Пока я предавался мечтам о выпивке, Горбунок освободил жабоида. Дмитрий Анатольевич зажёг свет, и от брызнувших в стороны голубоватых волн я зажмурился, а когда вновь открыл глаза, увидел корову, ту самую, к которой хотел прислониться головой. Честно говоря, это была не совсем корова, это был козёл - с длинной бородой и одним обломанным рогом. Он монотонно двигал нижней челюстью, пережёвывая сено, и инфантильно вздыхал. Хорошо, что я к нему не прислонился.
- Идём, - подтолкнул меня к выходу жабоид. Куда только делись его горестный вид и тихий голос. Теперь он был полон решимости и благородной мести. - Удивим дедушку Лаюна своим внезапным освобождением.

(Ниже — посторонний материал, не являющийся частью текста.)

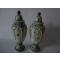 Rare paire de pots couverts en céramique signé : H.Horngacher décor peint a la main pièce unique d'époque 1890/1910 bon état (sauf un cheveu , voir photo)

Но дедушка не удивился. Если уж мне довелось отметить его внешнее сходство с Дмитрием Анатольевичем, то, как оказалось, внутренне они тоже почти не отличались. Дедушка испугался. Когда мы вторично ворвались в горницу, он ел блины и смотрел телевизор. На наши приветственные улыбки он ответил протяжным "ох-х-х-х", и даже не попытался схватить кухонный нож для самообороны, а просто поднял руки вверх.

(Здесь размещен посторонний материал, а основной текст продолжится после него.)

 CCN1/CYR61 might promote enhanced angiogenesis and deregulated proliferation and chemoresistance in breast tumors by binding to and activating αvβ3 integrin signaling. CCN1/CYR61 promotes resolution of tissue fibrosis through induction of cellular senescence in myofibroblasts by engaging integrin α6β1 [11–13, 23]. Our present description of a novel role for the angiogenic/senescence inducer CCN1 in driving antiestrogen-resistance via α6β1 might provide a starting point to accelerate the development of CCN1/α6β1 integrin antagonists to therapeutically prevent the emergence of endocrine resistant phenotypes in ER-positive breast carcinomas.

В первую очередь я спросил:
- Где мой обрез?
Он не ответил, и я, не делая скидку на возраст, влепил ему подзатыльник. Подействовало. Дед перестал охать и забалаболил, тыкая пальцем в угол.
- В комоде, в верхнем ящичке. Будьте любезны убедиться, что с ним ничего не случилось. Я протёр его и почистил внутри ёршиком. Бить больше не будете?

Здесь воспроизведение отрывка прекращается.